The Jupyter Notebook is an open-source web application that allows you to create and share documents that contain live code, equations, visualizations and narrative text. Uses include: data cleaning and transformation, numerical simulation, statistical modeling, data visualization, machine learning, and in our case, for Natural Language Understanding and Processing.
spaCy is an industrial strength natural language processing framework which is opensource and very accessible, even if you are starting out with natural language processing.
spaCy is designed to help you do real work — to build real products, or gather real insights. The library respects your time, and tries to avoid wasting it. It’s easy to install, and its API is simple and productive. We like to think of spaCy as the Ruby on Rails of Natural Language Processing.
So let’s get started and look at two use cases below; dependencies and entities.
Start a new basic Python Jupyter notebook, and install spaCy…
Words can often have different meanings depending on the how it is used within a sentence. Hence analyzing how a sentence is constructed can help us determine how single worlds relate to each other.
If we look at the sentence, “Mary rows the boat.” There are two nouns, being Mary and boat. There is also a single verb, being rows. To understand the sentence correctly, the word order is important, we cannot only look at the words and their part of speech.
Now this will be an arduous task, but within spaCy we can use noun chunks. According to the spaCy documentation, You can think of noun chunks as a noun plus the words describing the noun — for example, “the lavish green grass” or “the world’s largest tech fund”. To get the noun chunks in a document, simply iterate over Doc.noun_chunks.
The sentence “Smart phones pose a problem for insurance companies in terms of fraudulent claims”, returns the following data:
Text is the original noun chunk text. Root text is the original text of the word connecting the noun chunk to the rest o the phrase. Root dep: Dependency relation connecting the root to its head. Root head text: The text of the root token’s head.
- NSUBJ denotes Nominal subject.
- DOBJ is a direct object.
- POBJ is Object of preposition.
A visual representation of the dependencies can be generated with a single line of code.
displacy.render(doc, style=”dep”, jupyter= True)
But first, what is an entity?
Entities are the information in the user input that is relevant to the user’s intentions.
Intents can be seen as verbs (the action a user wants to execute), entities represent nouns (for example; the city, the date, the time, the brand, the product.). Consider this, when the intent is to get a weather forecast, the relevant location and date entities are required before the application can return an accurate forecast.
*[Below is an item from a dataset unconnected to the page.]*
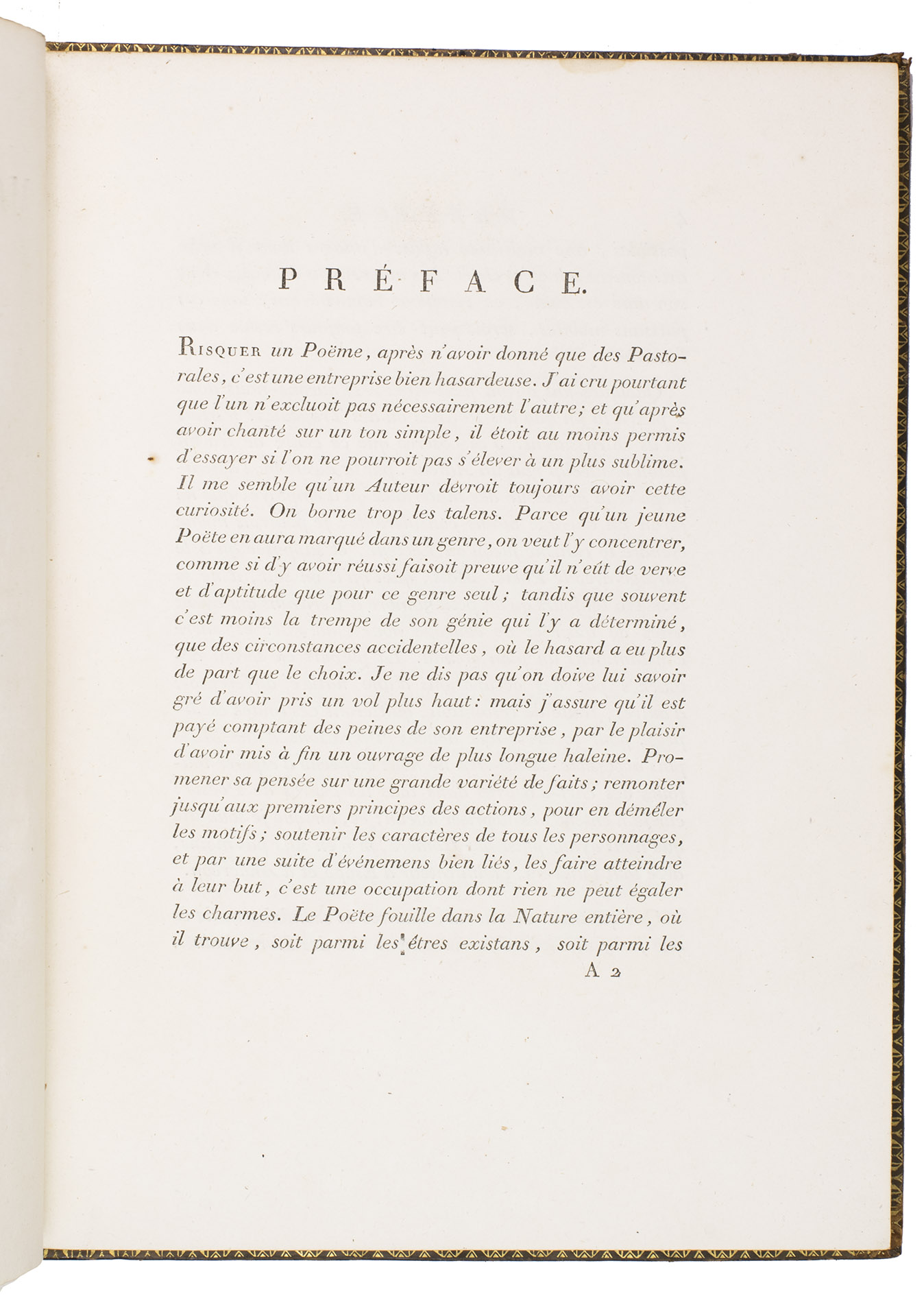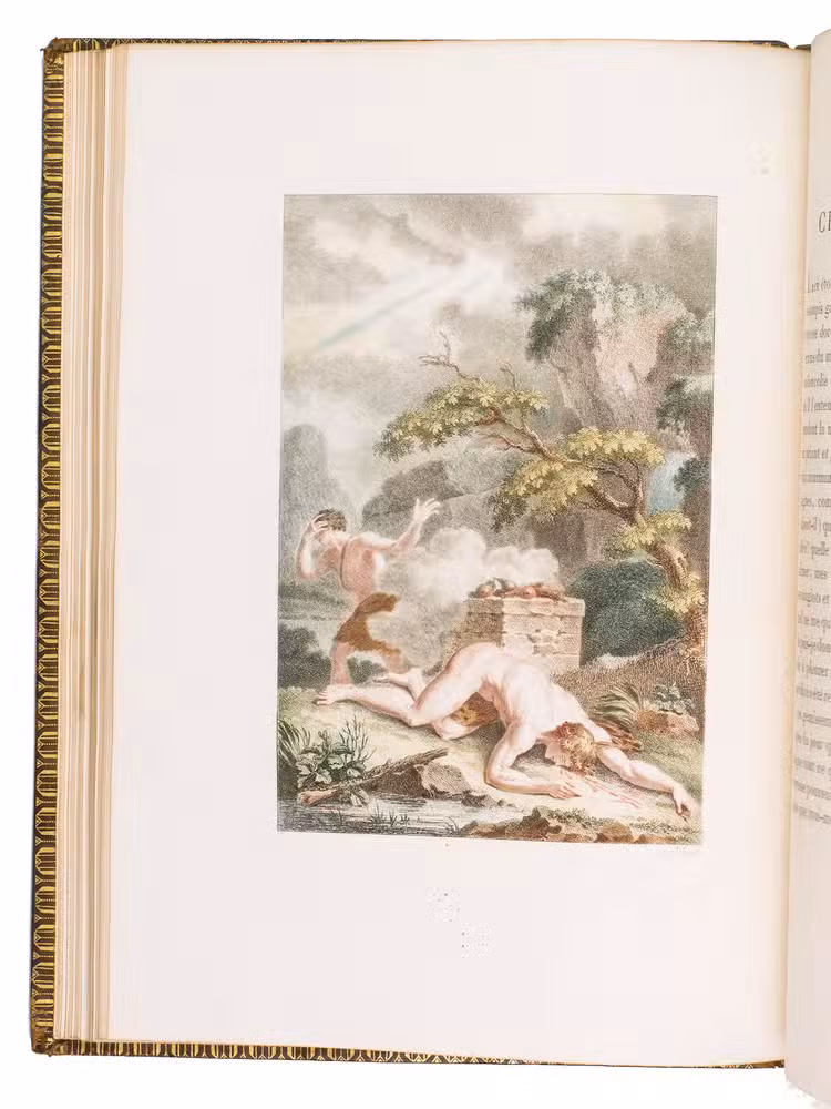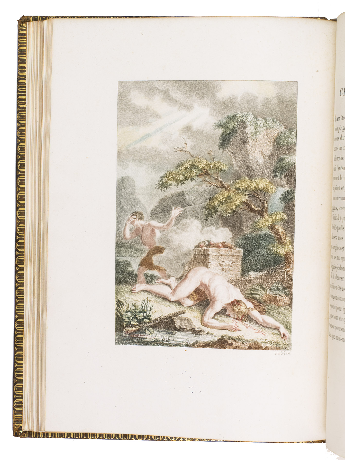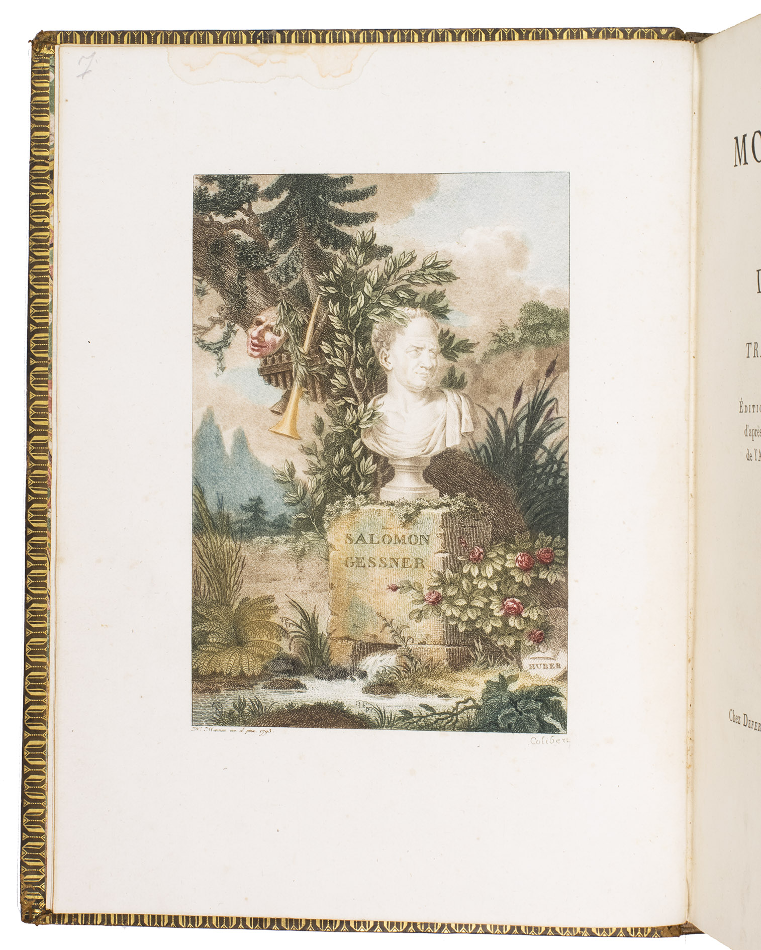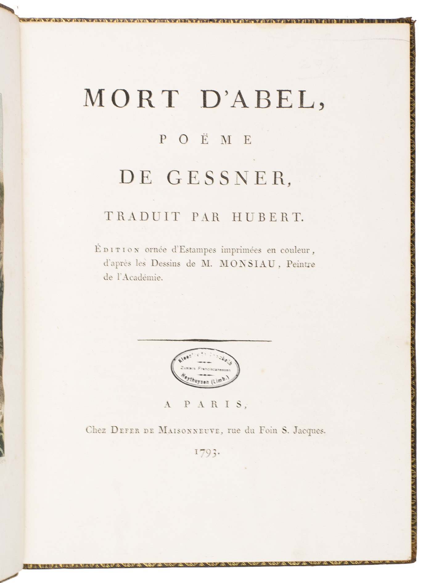 First edition of Hubert's prose translation of Gessner's celebrated poem Der Tod Abels, which was first published in German in 1758. Salomon Gessner (1730-1788), known throughout Europe for literary works of pastoral themes and his rococo style, was a bookseller's son, and started his career as an apprentice to the bookseller Spener in Berlin. Giving up this employment, he lived for a time by painting and engraving. In 1750, he settled in Zurich, continuing to live by painting, including painting on porcelain. Later he was also a town councillor and a forestry superintendent, who also ran an important publishing house, from which he published his books with his own excellent etchings. He began to write idylls in poetic prose, beginning with Daphnis (1754) and his Idyllen (1756-72) achieved nation-wide success. In Der Tod Abels (1758), he attempted to write an epic in prose in five "chants", quickly becoming his most renowned work, and making him the most successful and typical representative of a literary rococo movement. In his idylls, Gessner is indebted to Theocritus and Virgil, creating an idealized, orderly, almost horticultural state of nature.

Recognizing entities in the user’s input helps you to craft more useful, targeted responses. For example, You might have a #buy_something intent. When a user makes a request that triggers the #buy_something intent, the assistant’s response should reflect an understanding of what the something is that the customer wants to buy. You can add a product entity, and then use it to extract information from the user input about the product that the customer is interested in.
spaCy has a very efficient entity detection system which also assigns labels. The default model identifies a host of named and numeric entities. This can include places, companies, products and the like.
- Text: The original entity text.
- Start: Index of start of entity in the doc
- End: Index of end of entity in the doc
- Label: Entity label, i.e. type
The entity visualizer, highlights named entities and their labels in a text.
With these simple examples making use of an open source environment, you will be able to make a start with Natural Language Processing and creating structured from unstructured conversational input.